▸ Available records:
::::::::::

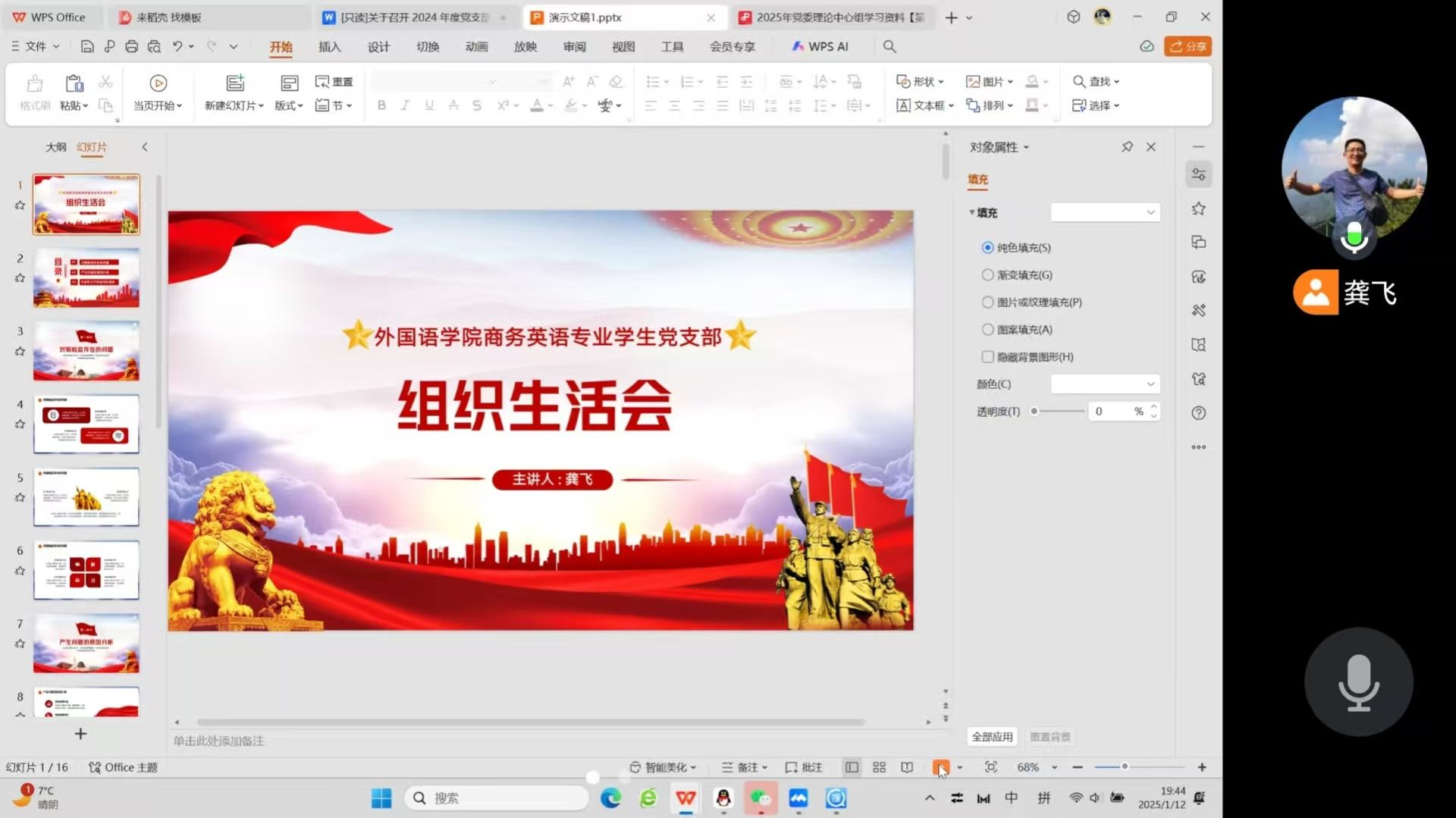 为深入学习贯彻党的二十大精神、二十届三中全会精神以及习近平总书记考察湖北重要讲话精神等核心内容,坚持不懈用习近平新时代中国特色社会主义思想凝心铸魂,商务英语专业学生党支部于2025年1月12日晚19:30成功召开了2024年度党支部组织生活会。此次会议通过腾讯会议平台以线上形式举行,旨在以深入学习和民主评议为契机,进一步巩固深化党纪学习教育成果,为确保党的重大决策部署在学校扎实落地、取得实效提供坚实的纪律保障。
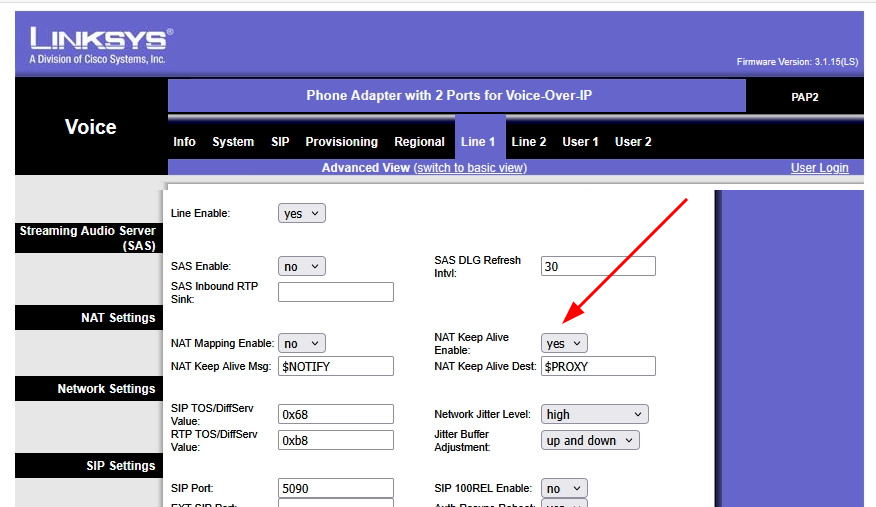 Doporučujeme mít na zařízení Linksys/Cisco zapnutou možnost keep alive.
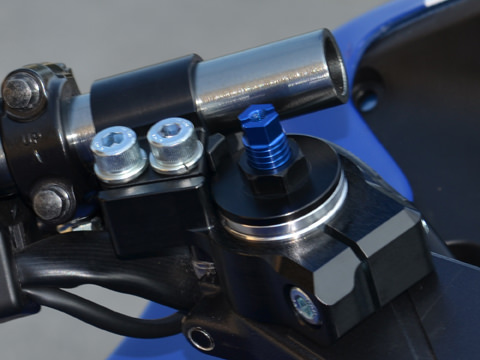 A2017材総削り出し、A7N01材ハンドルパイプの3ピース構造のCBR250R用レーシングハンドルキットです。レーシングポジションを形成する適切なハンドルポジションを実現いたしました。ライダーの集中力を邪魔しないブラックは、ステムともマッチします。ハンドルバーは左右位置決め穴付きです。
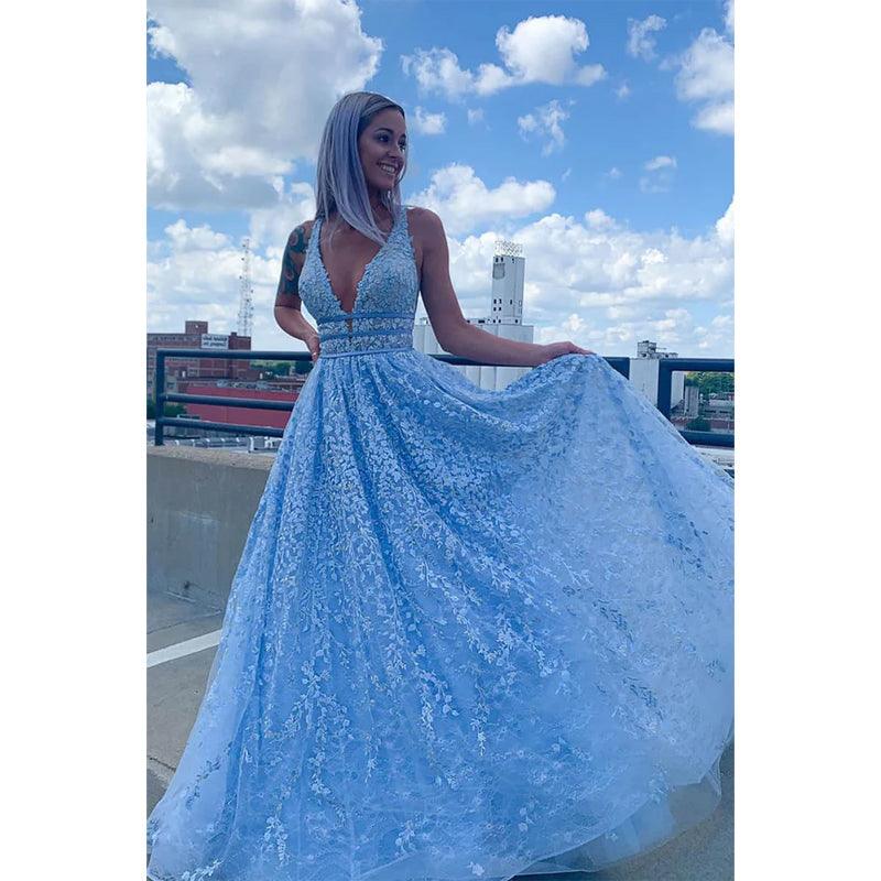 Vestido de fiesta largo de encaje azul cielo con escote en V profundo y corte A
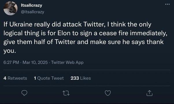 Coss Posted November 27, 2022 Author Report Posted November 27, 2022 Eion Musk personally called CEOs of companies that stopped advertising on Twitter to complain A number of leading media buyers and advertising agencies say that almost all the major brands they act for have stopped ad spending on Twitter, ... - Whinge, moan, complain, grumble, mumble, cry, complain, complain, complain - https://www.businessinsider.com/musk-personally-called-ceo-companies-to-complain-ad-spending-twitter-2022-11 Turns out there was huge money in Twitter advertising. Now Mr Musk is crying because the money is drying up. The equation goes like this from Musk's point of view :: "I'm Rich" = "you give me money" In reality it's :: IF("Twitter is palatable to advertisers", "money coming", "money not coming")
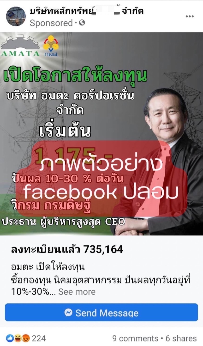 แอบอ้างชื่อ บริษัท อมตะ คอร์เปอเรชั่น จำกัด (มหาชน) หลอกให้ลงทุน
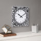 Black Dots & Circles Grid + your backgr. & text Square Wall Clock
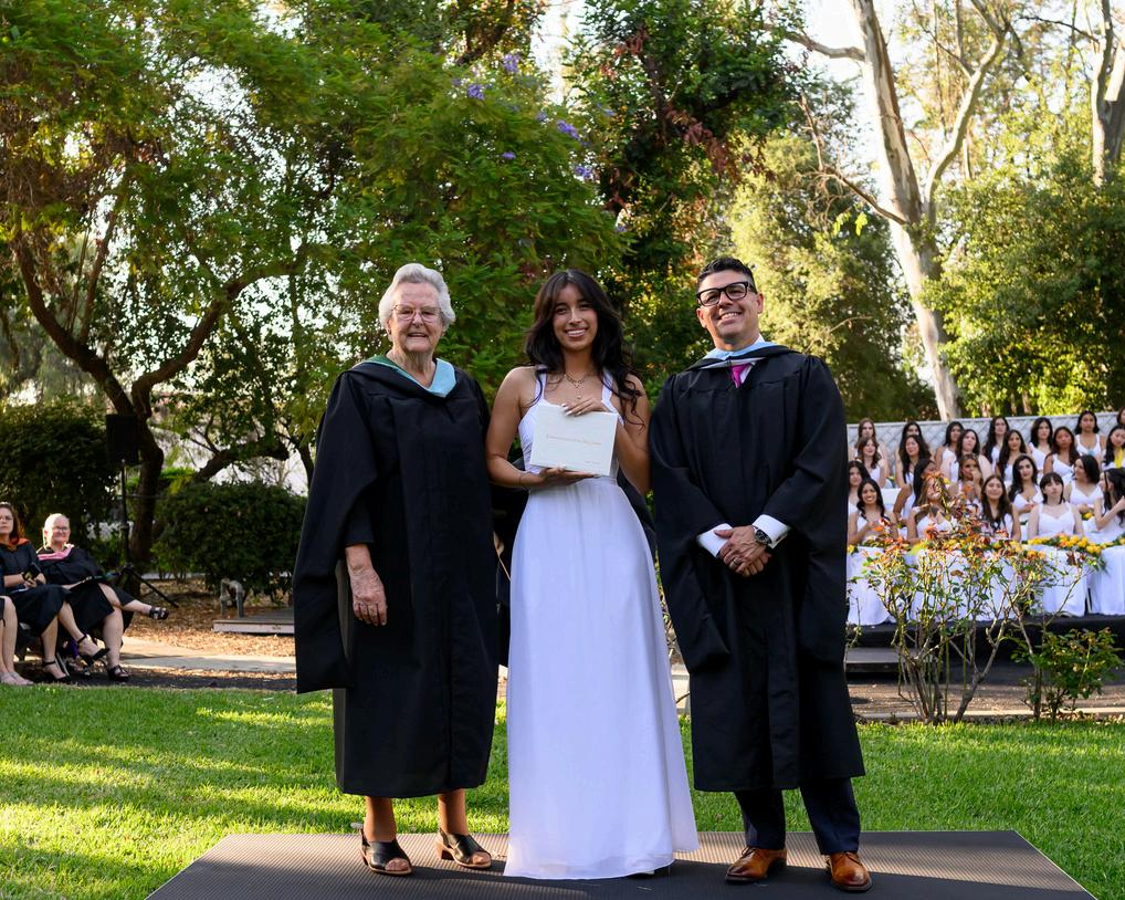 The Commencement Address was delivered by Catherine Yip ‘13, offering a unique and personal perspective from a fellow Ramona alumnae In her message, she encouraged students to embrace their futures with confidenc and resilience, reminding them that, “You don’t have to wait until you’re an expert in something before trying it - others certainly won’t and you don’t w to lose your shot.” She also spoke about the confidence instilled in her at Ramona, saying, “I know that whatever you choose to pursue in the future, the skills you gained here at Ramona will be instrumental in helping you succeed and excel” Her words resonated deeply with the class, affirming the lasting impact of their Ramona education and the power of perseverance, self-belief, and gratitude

::::::::::

Copy nothing but the lines from the top of the material through the line holding "Vestido de fiesta", exactly as written; omit pictures.

 为深入学习贯彻党的二十大精神、二十届三中全会精神以及习近平总书记考察湖北重要讲话精神等核心内容,坚持不懈用习近平新时代中国特色社会主义思想凝心铸魂,商务英语专业学生党支部于2025年1月12日晚19:30成功召开了2024年度党支部组织生活会。此次会议通过腾讯会议平台以线上形式举行,旨在以深入学习和民主评议为契机,进一步巩固深化党纪学习教育成果,为确保党的重大决策部署在学校扎实落地、取得实效提供坚实的纪律保障。
 Doporučujeme mít na zařízení Linksys/Cisco zapnutou možnost keep alive.
 A2017材総削り出し、A7N01材ハンドルパイプの3ピース構造のCBR250R用レーシングハンドルキットです。レーシングポジションを形成する適切なハンドルポジションを実現いたしました。ライダーの集中力を邪魔しないブラックは、ステムともマッチします。ハンドルバーは左右位置決め穴付きです。
 Vestido de fiesta largo de encaje azul cielo con escote en V profundo y corte A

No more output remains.